Below is a high-level overview of the main components of the training script.
- Imports and Hyperparameters
- import torch, import torch.nn as nn, etc.
- Set up device (CUDA or CPU), learning rate, batch size, and number of epochs.
- Transforms
transform = transforms.Compose([
transforms.Resize(256),
transforms.CenterCrop(224),
transforms.ToTensor(),
transforms.Normalize(mean=[0.485, 0.456, 0.406],
std=[0.229, 0.224, 0.225]),
])This pipeline resizes images to 256×256, center-crops to 224×224, converts to PyTorch tensors, and normalizes based on ImageNet statistics.
- Dataset and DataLoaders
train_dir = 'input/VGG-Face2/data/vggface2_train/train'
test_dir = 'input/VGG-Face2/data/vggface2_test/test'
train_dataset = datasets.ImageFolder(root=train_dir, transform=transform)
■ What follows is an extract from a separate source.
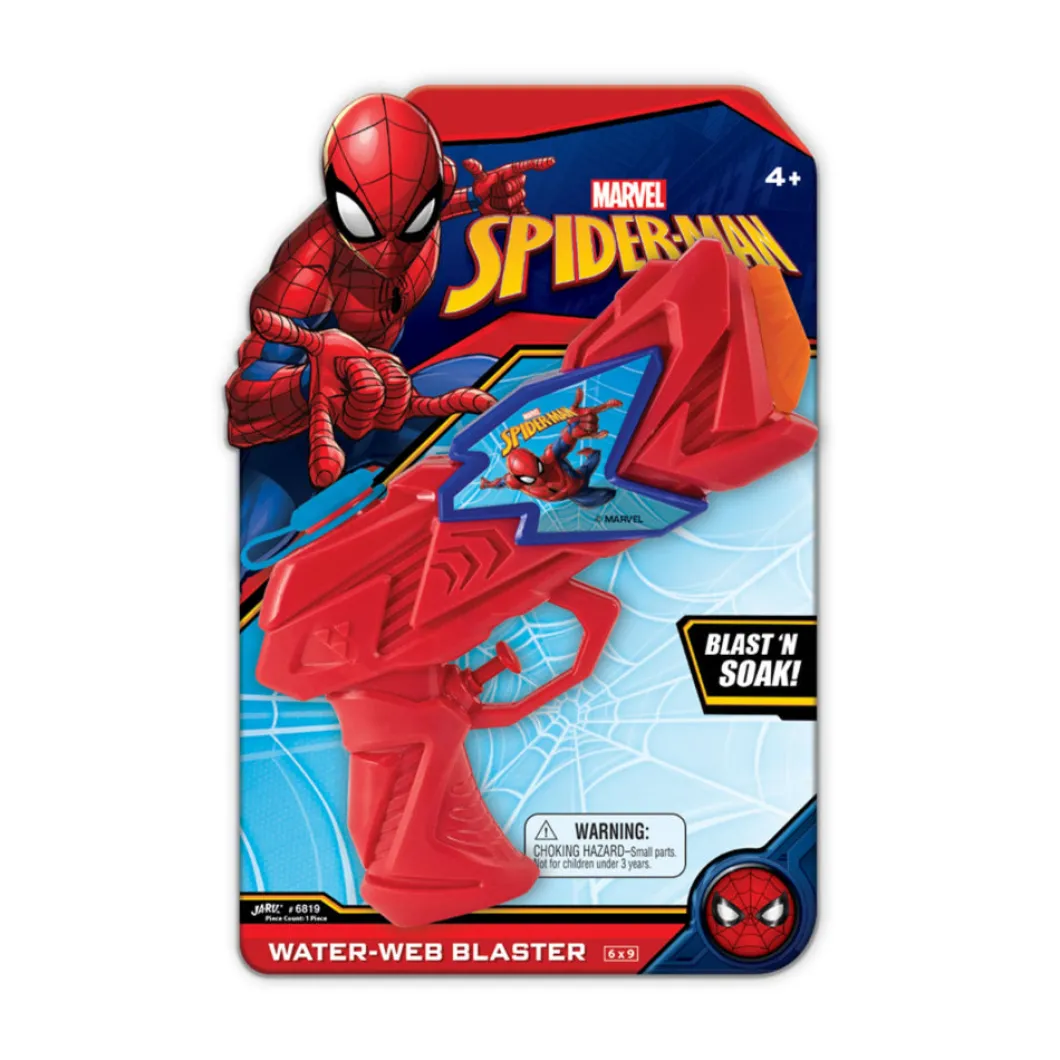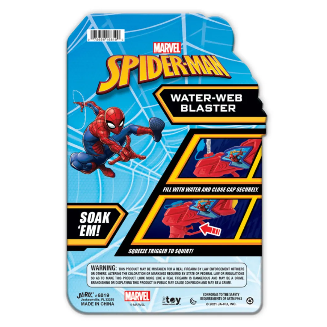¡Vence el mal! Marvel Water-Web Blaster es fácil de llenar y tiene una gran capacidad para más acción de explosión de salpicaduras. Con Spider-Man en el lateral.

test_dataset = datasets.ImageFolder(root=test_dir, transform=transform)- Uses
ImageFolderto automatically label subfolders as classes. - Creates DataLoaders for batch loading.
- GoogLeNet Model
model = GoogLeNet(aux_logits=True, num_classes=num_classes).to(device)- A custom
GoogLeNetclass that includes Inception blocks and optional auxiliary classifiers. num_classesis set to the number of unique identities in the training set.aux_logits=Trueenables auxiliary heads during training.
- Loss and Optimizer
criterion = nn.CrossEntropyLoss()
optimizer = torch.optim.Adam(model.parameters(), lr=lr)- We use
CrossEntropyLossfor multi-class classification. - The
Adamoptimizer with the specified learning rate.
- Training Loop
for epoch in range(num_epochs):
model.train()
for i, (inputs, labels) in enumerate(train_loader):
# Forward pass
if model.aux_logits:
aux1, aux2, outputs = model(inputs)
loss = (criterion(outputs, labels)
+ 0.5 * criterion(aux1, labels)
+ 0.5 * criterion(aux2, labels))
else:
outputs = model(inputs)
loss = criterion(outputs, labels)
# Backprop and update
optimizer.zero_grad()
loss.backward()
optimizer.step()- Feeds data to the model.
- If auxiliary classifiers are used, it combines their losses with the main output.
- Performs backpropagation and updates weights.
- Evaluation
model.eval()
correct = 0
total = 0
with torch.no_grad():
for inputs, labels in test_loader:
outputs = model(inputs)
_, predicted = torch.max(outputs.data, 1)
total += labels.size(0)
correct += (predicted == labels).sum().item()
test_accuracy = 100 * correct / total
print(f"Test Accuracy: {test_accuracy:.2f}%")- Switches the model to evaluation mode (disabling dropout, auxiliary heads).
- Computes accuracy on the test set.
- Plots
- The script plots training loss and accuracy over time for quick visualization.